If this reminds anyone of how MAQ works/worked, there's a reason for that and you can find the reasoning for this method in the supplemental methods to the original MAQ paper.

Those are just the two most popular aligners, others may behave completely differently. Many RNAseq aligners, for example, will just give MAPQ scores dependent on the number of equally valid alignments.

0
Entering edit mode

I believe bwamem has changed the formula around pair-endness with respect to bwa aln. Is that so? Has anybody looked at it extensively?

1
Entering edit mode

That could well be, I've yet to look.

Edit: It doesn't look completely unrelated. See the mem_sam_pe function in bwamem_pair.c.
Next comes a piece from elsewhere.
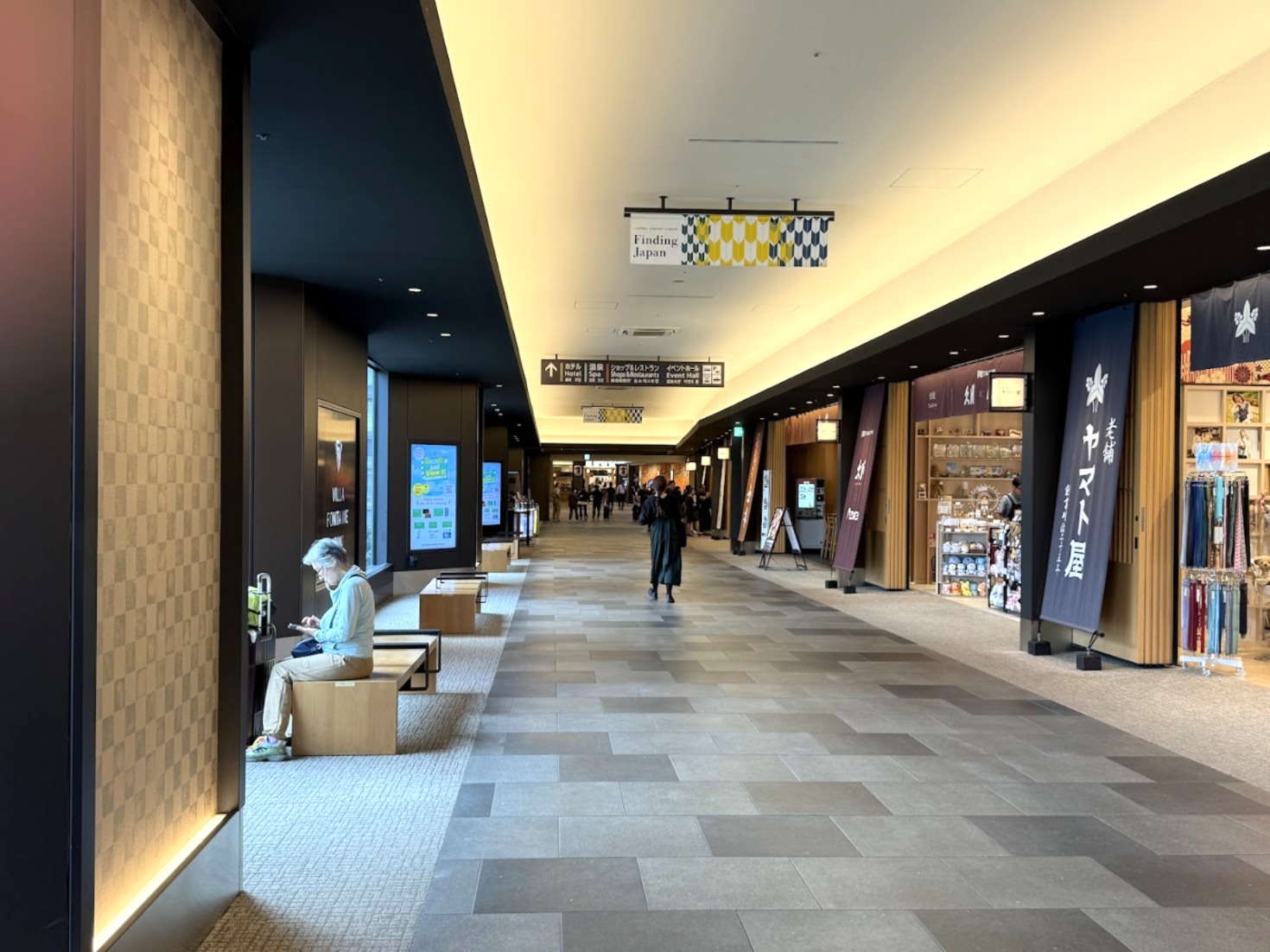 Then there is a long corridor lined with shops leading to Hotel Villa Fontaine at the end.

Edit2: In fact, it's very similar and can be vaguely defined as q_pe = 6*(o-subo) - (4.343*log(n_sub+1)+0.499) with some limits on its range and further tweaks depending on what the single-end scores would be.

0
Entering edit mode

I think I identified the bit that may be different between bwa-mem and bwa-aln: is in deciding if paired alignment is preferred or unpaired alignment is preferred based on o > score_un. Highlighted in the screenshot in the question.

1
Entering edit mode

Yeah, it really does look like that's the main difference, thanks for updating the original question. Keep in mind that the actual reported MAPQ is given by q_se.

0
Entering edit mode

Thanks for the great answer. Any thoughts on how bwa-mem assigns the QMAP score?

0
Entering edit mode

Hi Devon, your explanation helps me a lot. But I'm still confused about "best mapping" and "second best mapping" in bwa. Are they defined as the mapping with least difference with reference and second least?

0
Entering edit mode

I believe that they're defined according to the alignment score, which should be dependent on the edit distance (match/mismatch/indel).

0
Entering edit mode

If this is the case, why can we get some short reads with score "23"? I looked at the output of bwa. Actually there are some short reads have specified matching positions but the score is 23. If there is no "best mapping", I think it means that we cannot find mapping position satisfies the max edits. Then it cannot have a matching position in the output right? Or is it possible that there are "second best mapping" even though number of "best mapping" is 0?

0
Entering edit mode

You'd need to show exact examples.

0
Entering edit mode

Here are two examples: https://drive.google.com/file/d/0B0yotzh1GssPWTZvV2NHNzF3amc/view?usp=sharing https://drive.google.com/file/d/0B0yotzh1GssPNGdhem5kZEtlM0k/view?usp=sharing I use human_g1k_v37.fasta as reference and ERR013029_1.filt.fastq as short reads file. Thanks so much!

0
Entering edit mode

Do you have any ideas about these alignments? Thanks!

0
Entering edit mode

In each case, there's a single "best hit" (X0:i:1), which results in a MAPQ of 23 (p->c1 == 0).

0
Entering edit mode

For single "best hit", I think c1 is 1..? As you explained earlier, c1 is the number of best hit right? Here is another example with single "best hit" https://drive.google.com/open?id=0B0yotzh1GssPUDh0MGoyTU5wMUk, but the score is 37... I guess I have some misunderstanding about "best hit" x0 and "suboptimal hit" x1?

0
Entering edit mode

You'll have to go through the code and add some printf's in to completely determine this.

0
Entering edit mode

So what's the relation between c1 and x0? why is c1 0 when there is one best hit (x0:i:1)?

0
Entering edit mode

As I said, you'll have to go through the code and add some printf's in.